Was it part of a grand design?

February 11, 1994|By Martin D. Tullai

IT WAS Austin Gollaher who related the story of how he and a young friend -- at about age 6 -- were playing one Sunday afternoon when they decided to cross the creek to hunt partridges. The creek was swollen from recent rains and, in crossing on the narrow log, his playmate toppled into the water.

Neither boy could swim. So, with his unfortunate friend splashing and frantically yelling for help, young Gollaher quickly found a log pole, held it out and pulled him to safety.

Later, he described his emotions and his reaction: "He was almost dead, and I was badly scared. I rolled and pounded him in good earnest. Then I got him by the arms and shook him, the water meanwhile pouring out of his mouth. By this means, I succeeded in bringing him to, and soon he was all right."

Oh, what a lucky lad!

The same boy, now 10 years old, was at the mill driving a horse to get the grist turned into flour. While he was putting a whiplash to the animal and calling, "Git up, you old hussy, git up, you ole hussy," the horse kicked out with a fast hind foot that knocked the little tyke down and out of his senses just as he yelled, "Git up . . ."

He was taken home, washed, put to bed, and all night he lay unconscious. His family and friends feared for his life. Afterward, he spoke of it as a mystery of the human mind and wrote of himself: "In his tenth year he was kicked by a horse and apparently killed for a time."

Oh, what a lucky lad!

Almost a decade later, in the last of his teen years, this same boy was now a 6-footer with a well-muscled body. He had performed some odd jobs around the community, and his good work TTC impressed one James Gentry, a well-to-do land owner. Gentry hired him to help his son, Allen, deliver a cargo of farm produce down the Mississippi to New Orleans.

While trading on the Louisiana sugar coast, they were attacked one night by a band of blacks who surprised them and tried to steal the cargo and kill the crew. Gentry fought desperately, his hired hand even more so. Both suffered cuts and bruises -- but survived.

Oh, what a lucky young man!

Yes, he certainly was lucky. Three times he faced the possibility of death, and each time lady luck seemed to stand beside him to ensure his survival.

But was it luck? Or was it destiny -- a fate which was pre-ordained?

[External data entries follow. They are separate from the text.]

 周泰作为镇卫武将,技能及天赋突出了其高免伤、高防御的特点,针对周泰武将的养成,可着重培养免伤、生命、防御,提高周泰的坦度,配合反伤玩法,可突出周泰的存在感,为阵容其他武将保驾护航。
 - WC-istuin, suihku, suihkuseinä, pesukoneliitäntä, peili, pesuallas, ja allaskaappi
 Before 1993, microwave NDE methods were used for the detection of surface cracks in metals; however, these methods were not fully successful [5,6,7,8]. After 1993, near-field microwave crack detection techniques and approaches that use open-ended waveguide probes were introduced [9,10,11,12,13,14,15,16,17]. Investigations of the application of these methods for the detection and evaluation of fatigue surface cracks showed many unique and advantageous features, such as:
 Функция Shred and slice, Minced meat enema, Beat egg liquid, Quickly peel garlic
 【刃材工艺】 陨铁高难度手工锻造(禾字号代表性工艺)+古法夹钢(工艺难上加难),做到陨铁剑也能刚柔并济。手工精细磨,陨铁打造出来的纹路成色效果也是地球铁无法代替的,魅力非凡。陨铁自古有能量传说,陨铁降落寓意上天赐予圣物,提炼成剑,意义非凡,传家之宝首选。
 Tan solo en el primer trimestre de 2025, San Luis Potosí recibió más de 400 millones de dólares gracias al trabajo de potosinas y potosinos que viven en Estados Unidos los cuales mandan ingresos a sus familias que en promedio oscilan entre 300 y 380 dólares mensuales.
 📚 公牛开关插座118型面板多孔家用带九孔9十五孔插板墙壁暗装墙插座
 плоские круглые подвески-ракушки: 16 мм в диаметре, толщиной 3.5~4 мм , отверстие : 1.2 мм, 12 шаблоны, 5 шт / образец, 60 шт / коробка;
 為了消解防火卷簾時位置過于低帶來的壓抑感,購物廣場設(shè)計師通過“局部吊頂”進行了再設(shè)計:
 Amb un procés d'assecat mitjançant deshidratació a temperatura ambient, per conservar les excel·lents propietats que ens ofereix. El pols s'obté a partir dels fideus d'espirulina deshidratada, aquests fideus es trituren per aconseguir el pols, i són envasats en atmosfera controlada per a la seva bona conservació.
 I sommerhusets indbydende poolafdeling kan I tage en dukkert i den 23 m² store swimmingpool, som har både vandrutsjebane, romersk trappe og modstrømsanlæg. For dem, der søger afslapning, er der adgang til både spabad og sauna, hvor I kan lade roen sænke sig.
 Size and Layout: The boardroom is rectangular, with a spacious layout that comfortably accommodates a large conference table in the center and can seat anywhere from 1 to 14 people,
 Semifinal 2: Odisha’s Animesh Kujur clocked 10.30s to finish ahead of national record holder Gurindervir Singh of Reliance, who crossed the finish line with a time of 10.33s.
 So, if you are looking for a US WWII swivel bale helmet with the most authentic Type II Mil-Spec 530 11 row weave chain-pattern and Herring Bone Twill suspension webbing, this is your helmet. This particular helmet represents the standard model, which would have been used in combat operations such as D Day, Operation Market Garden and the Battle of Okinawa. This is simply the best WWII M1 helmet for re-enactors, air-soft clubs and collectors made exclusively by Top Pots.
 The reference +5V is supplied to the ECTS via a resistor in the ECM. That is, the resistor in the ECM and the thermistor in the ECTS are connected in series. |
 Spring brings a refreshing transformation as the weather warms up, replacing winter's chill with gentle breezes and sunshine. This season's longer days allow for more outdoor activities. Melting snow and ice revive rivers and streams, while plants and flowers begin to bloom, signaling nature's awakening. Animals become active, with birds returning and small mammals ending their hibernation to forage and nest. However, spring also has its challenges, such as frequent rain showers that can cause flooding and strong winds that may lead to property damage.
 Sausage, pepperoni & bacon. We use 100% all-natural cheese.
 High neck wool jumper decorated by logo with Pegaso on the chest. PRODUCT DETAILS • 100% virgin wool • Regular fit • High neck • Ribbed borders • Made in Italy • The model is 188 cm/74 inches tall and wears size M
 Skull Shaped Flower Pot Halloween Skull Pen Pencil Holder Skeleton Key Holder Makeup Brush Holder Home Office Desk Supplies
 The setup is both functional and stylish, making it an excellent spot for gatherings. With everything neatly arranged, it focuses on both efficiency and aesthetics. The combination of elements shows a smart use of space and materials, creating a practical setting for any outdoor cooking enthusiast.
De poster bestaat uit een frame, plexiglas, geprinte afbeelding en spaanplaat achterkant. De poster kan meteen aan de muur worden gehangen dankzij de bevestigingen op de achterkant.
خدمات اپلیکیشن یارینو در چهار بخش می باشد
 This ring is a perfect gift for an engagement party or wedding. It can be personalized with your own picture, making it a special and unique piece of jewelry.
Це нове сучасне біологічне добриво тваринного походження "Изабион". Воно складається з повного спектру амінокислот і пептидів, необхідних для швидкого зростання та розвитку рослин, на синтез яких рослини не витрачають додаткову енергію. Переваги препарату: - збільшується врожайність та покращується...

His mother had conveyed to him her strong belief in the doctrine of fatalism. "Nothing can hinder the execution of the designs of Providence," went the creed. "What is to be will be and we can do nothing about it."

Later, it would be said that the young man not only accepted this belief, but that it became a dominant mood of his religion. Not surprisingly, many of his friends told of hearing him quote those fatalistically striking lines from Shakespeare's "Hamlet":

"There's a divinity that shapes our ends,

Rough-hew them how we will."

This we know: Abraham Lincoln grew to manhood. And from the millions of citizens of his time, he was the one chosen to lead the nation during the gravest crisis in America's history.

This personifier of the American dream, fittingly characterized by Lincoln scholar David Hein as "the representative of the common people who, in extraordinary and tragic times, rose to impressive heights of leadership and courage," accepted the responsibility humbly but with deep resolution. In the 185th year since his birth, we are again reminded that his labors ensured "that this nation, under God, shall have a new birth of freedom, and that government of the people, by the people, for the people, shall not perish from the Earth."

Martin D. Tullai heads the History Department at St. Paul's School.